Tuesday, 7 May 2013

A Short History of Underwear Part 5: Women’s Corsetry #1 – 2000BC – 1790


A Short History of Underwear Part 5:  Women’s Corsetry #1 – 2000BC – 1790
Say the word “corset” and all kinds of images spring to mind: from sexy or fetishist lingerie to nightmare-inducing days of old where women were tight-laced within an inch of their lives (literally!) to fit with the dictates of the fashions of the time and even as a symbol of society’s morality.
There is, however, much more to the story. Not even originally used primarily to narrow the waist, its primary function in earlier times was to change or enhance the body’s shape, particularly support and position the breasts.
The word “corset” comes from 12th Century France, and meant a “laced bodice”.  A corset was commonly referred to as “stays” from about 1600 to the 1900s.
The earliest images of the corset date from Crete in 2000BC. At that time it was worn as a snug but not tight outer-garment to support the mid-section.
The corset became very popular in Italy in the early 1500s and was brought to the French Court by Catherine de Medici. It consisted at that time of a tight, elongated under-bodice, and was worn with a farthingale: a device worn under skirts to hold them in a stiff cone shape. The corset had shoulder straps and was of an inverted cone shape to oppose the conical shape of the skirts. Made of an iron frame covered in velvet, its purpose was to flatten the bodice (including the breasts) to push the breasts up and enhance the bust where they were pushed out from the top of the bodice. Narrowing of the waist was of little to no concern.

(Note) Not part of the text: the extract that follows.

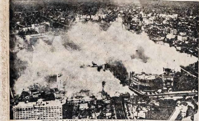
TOKYO LAIKE SAVO PIRMOJO "ISORINIO UZPUOLIMO." Šitas paveikslas nutrauktas iš lėktuvo virš Tokyo, rodo kaip miestas atrodė po to, kada japonai numėtė "bombas" laike išbandymu. Pagal pranešimus per japonų radio, šis vaizdas buvo atkartotas tikrenybėje, kada priešoj bombos užpuolė mi estą pirmą kartą, taipgi padarė daug nuostolių.

Čungking. — Lašio pateko į japonų rankas ir dega, gi Burma Kelias buvo atkirstas ties taja svarbia stotimi — Lašio, kuriš britai ir kiniečiai gynė, bet buvo suškaldyti priešoj pajėga. Kiniečiai pranešė apie tą nelaimingą Burma pietinės stoties paėmimą, kas reiškia viso kelio uždarymą. Kiniečių karininkai — vadai, pratęję kad naujos ir senos Lašio miesto dalys pateko priešams trečiadienį, po kruvino ir smarkaus susikirtimo. Jie pranešė taipgi, kad kiniečių kareiviai, vadovau-

By the mid-1500s the corset had made its way into fashion throughout the rest of Europe and Britain and was more comfortably made of whalebone and wood.
During the reign of Elizabeth I, corsets were made of a  very stiff whalebone. A “busk” was worn, constructed of a mixture of whalebone, wood, ivory, horn or metal to stiffen the front of the bodice, and was removable from the “stays”, which were made of multiple layers of linen.  While some women found it fashionable to cinch the waist (the queen did so), the emphasis was still on the contrast of the flatness of the bodice and the curving top of the breasts. Others did not wear corsets at all – Mary Queen of Scots is said to have not worn a corset.




During the French Revolution, corsetry spent a time being out of fashion.
In the early 1700s, an inverted conical shape was given to the bodice to contrast with the fullness of the skirts worn below. The corset’s purpose was to raise the breasts, tighten the midriff, support the back and improve posture, while only slightly narrowing the waist. Informally, quilted linen “jumps” were worn to give slight support. Only partially boned, they were less restrictive and more comfortable.